Echecs sur internet : de la préhistoire à l’âge d’or

Lichess, Chess.com, Chess24, KasparovChess… Aujourd’hui, les offres disponibles pour pousser du bois virtuel sont légion. Pourtant, tous ces sites héritent d’un seul et même serveur, l’Internet Chess Server, créé dans les années 1990…

Antonin HAMBURGER pour Route64

Malgré sa gratuité, le Free Internet Chess Server n’ameute pas autant les foules que l’ICC.

L’histoire commence en janvier 1992. Michael Moore, étudiant à l’université d’Utah (Etats-Unis), et Richard Nash, découvrent le potentiel d’un serveur entier prévu pour jouer aux échecs. Fini, les temps d’attente interminables du jeu par correspondance, y compris à travers les mails. L’Internet Chess Server devient rapidement populaire chez un petit groupe d’amateurs, malgré de nombreux bugs et délais dus à la lenteur des connexions. Logiquement, les parties de blitz étaient particulièrement affectées.
À la fin de l’année 1992, l’ICS est hébergé dans une autre université américaine, la Carnegie Mellon University. Rapidement, Daniel Sleator, professeur d’informatique, prend les commandes du serveur. Il s’attèle alors à résoudre les problèmes dont se plaignent régulièrement les utilisateurs. Il apporte de nombreuses modifications dans le code, ce qui l’amène en 1994 à en revendiquer la propriété intellectuelle. Déjà, des voix s’élèvent pour contester l’appropriation d’un travail partagé par de nombreux volontaires. Mais le professeur d’informatique va plus loin : le 1er mars 1995, il décide de rendre l’ICS payant. Pour 49 dollars par an, il est alors possible de rejoindre l’Internet Chess Club (ICC). La décision est très controversée. Les contributeurs bénévoles ont l’impression que le fruit de leurs efforts a été subtilisé, tandis que les joueurs sont mécontents de voir un service gratuit devenir payant. Certains développeurs, malgré les abonnements qui leur avaient été offerts en dédommagement, décident de créer un nouveau serveur, gratuit et open-source : le Free Internet Chess Server. Edward Collins, ancien administrateur du site, raconte la première fois où il joue en ligne : « Je me rappelle encore du souvenir merveilleux de ma première expérience de jeu en ligne. Plus besoin d’attendre le vendredi soir pour jouer à mon club. Je pouvais jouer tous les jours, quand je voulais, chez moi, en pyjama, contre quelqu’un à l’autre bout de la planète ! C’était très amusant de demander à l’adversaire d’où il venait et de voir toutes les réponses différentes. » À l’époque des débuts d’internet, c’est pour les joueurs une possibilité révolutionnaire.
En parallèle, le FICS hébergeait des salons de discussion. D’après Edward Collins, « certains membres ne jouaient probablement pas aux échecs. Les salons étaient pour eux un endroit où discuter de tout et de rien, et il y en avait des dizaines, consacrés aux sports, à la politique, au cinéma, à la musique… »

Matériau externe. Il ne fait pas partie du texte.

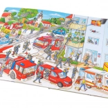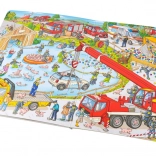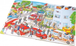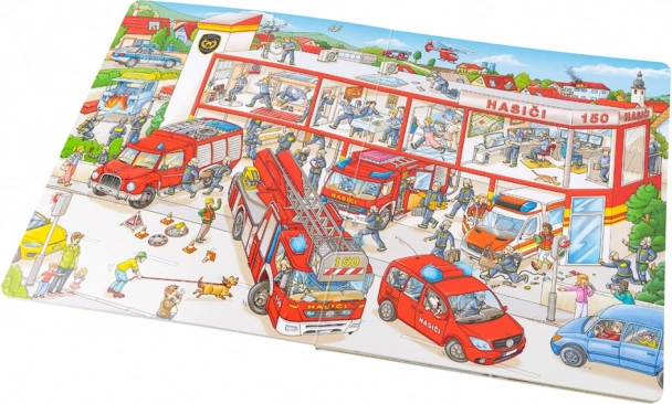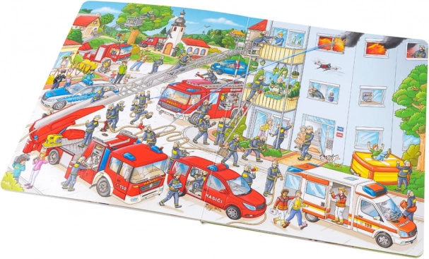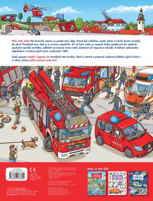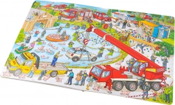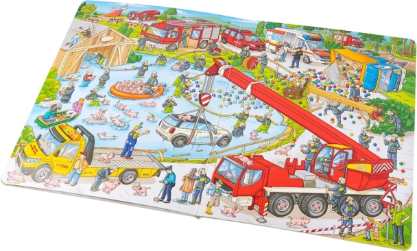 Această mare carte ilustrată îi poartă pe micii cititori în lumea plină de acțiune a pompierilor. Copiii vor vedea cum se pregătește plecarea la intervenție, cum funcționează scara lungă, furtunurile și alte echipamente, și cum are loc salvarea oamenilor din clădiri în flăcări. Ilustrațiile sunt bogate în detalii și invită la povestirea de istorii.

Malgré sa gratuité, le Free Internet Chess Server n’ameute pas autant les foules que l’ICC. « Ils avaient plus de ressources disponibles pour faire la publicité du serveur, pour inviter des Grand-Maîtres, engager des développeurs, etc. » Sur le site payant, les meilleurs GM s’affrontent, au point que certains en parlent aujourd’hui comme l’âge d’or des échecs en ligne. Déjà, l’américain Hikaru Nakamura trônait en haut des classements, suivi par de nombreux autres joueurs : Ding Liren, Alexander Grischuk, Fabiano Caruana, Maxime Vachier Lagrave, Gata Kamsky, et bien sûr, Magnus Carlsen.